DATA SECTION START
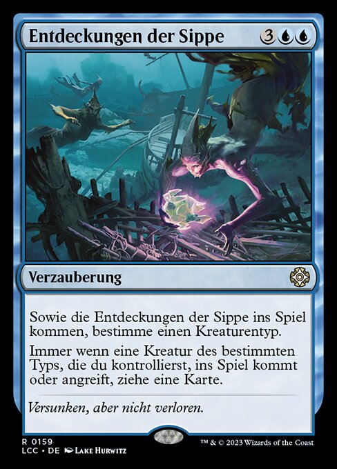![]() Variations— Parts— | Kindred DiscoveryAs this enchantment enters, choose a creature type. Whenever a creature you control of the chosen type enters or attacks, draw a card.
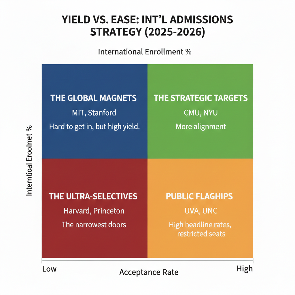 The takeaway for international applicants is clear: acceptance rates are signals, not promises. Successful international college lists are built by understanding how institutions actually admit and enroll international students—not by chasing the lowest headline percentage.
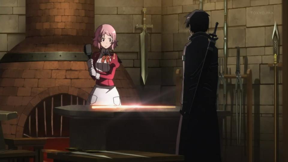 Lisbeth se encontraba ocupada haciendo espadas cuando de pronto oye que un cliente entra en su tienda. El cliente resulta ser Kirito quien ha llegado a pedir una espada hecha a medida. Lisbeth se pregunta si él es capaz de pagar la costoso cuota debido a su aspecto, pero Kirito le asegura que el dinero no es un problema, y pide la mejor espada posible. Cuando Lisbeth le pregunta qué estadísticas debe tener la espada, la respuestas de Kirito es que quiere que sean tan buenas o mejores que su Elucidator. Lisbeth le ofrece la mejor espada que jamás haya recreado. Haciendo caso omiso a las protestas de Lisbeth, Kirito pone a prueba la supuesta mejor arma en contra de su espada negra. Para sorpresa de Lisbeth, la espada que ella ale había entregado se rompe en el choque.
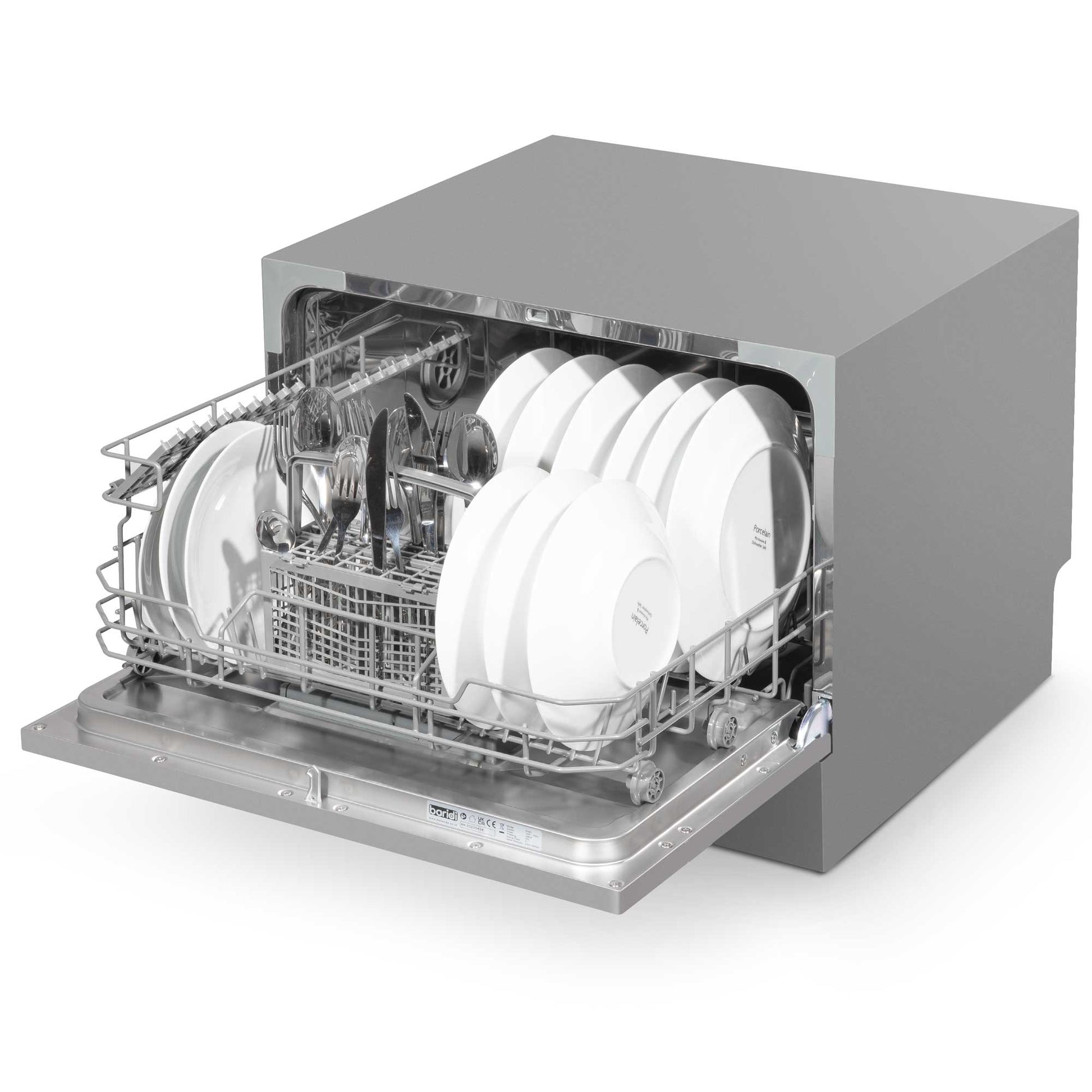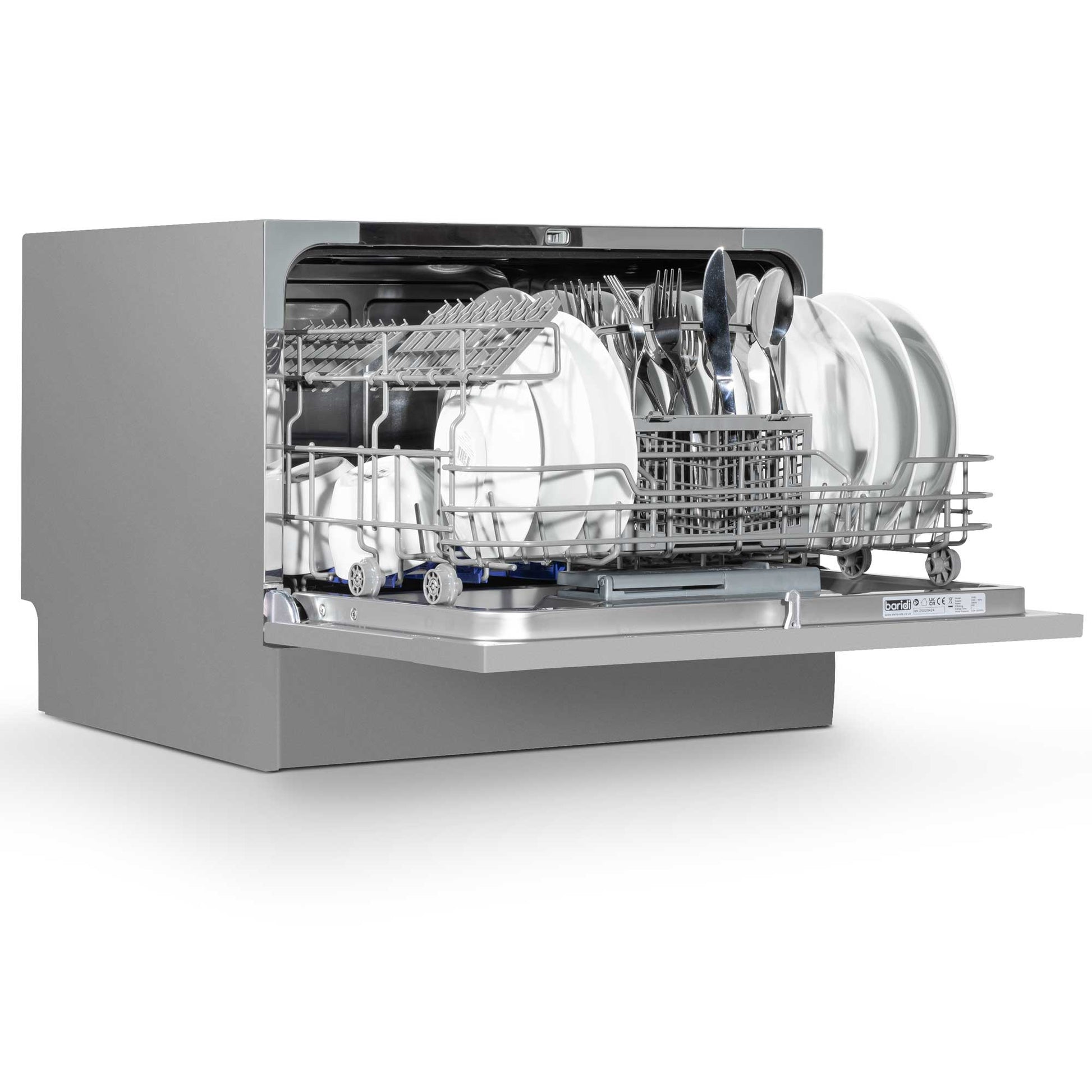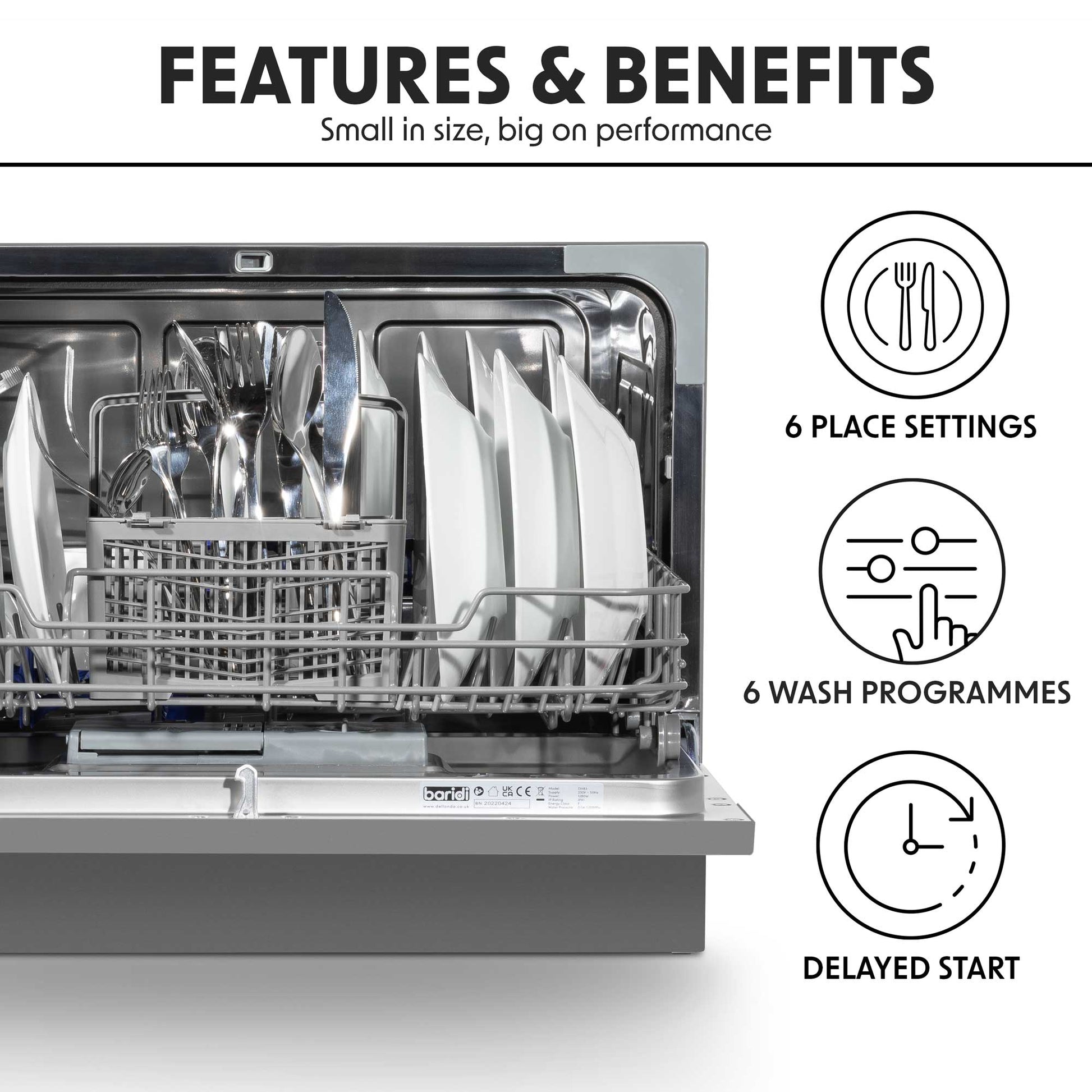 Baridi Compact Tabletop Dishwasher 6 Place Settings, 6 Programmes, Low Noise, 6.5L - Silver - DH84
DATA SECTION END
**WHAT THE TASK ASKS:**
Put down exactly the lines of the data above that run from its first line through the line bearing "The takeaway for", and no pictures.

**RESULT BELOW:**
![]() Variations— Parts— | Kindred DiscoveryAs this enchantment enters, choose a creature type. Whenever a creature you control of the chosen type enters or attacks, draw a card.
 The takeaway for international applicants is clear: acceptance rates are signals, not promises. Successful international college lists are built by understanding how institutions actually admit and enroll international students—not by chasing the lowest headline percentage.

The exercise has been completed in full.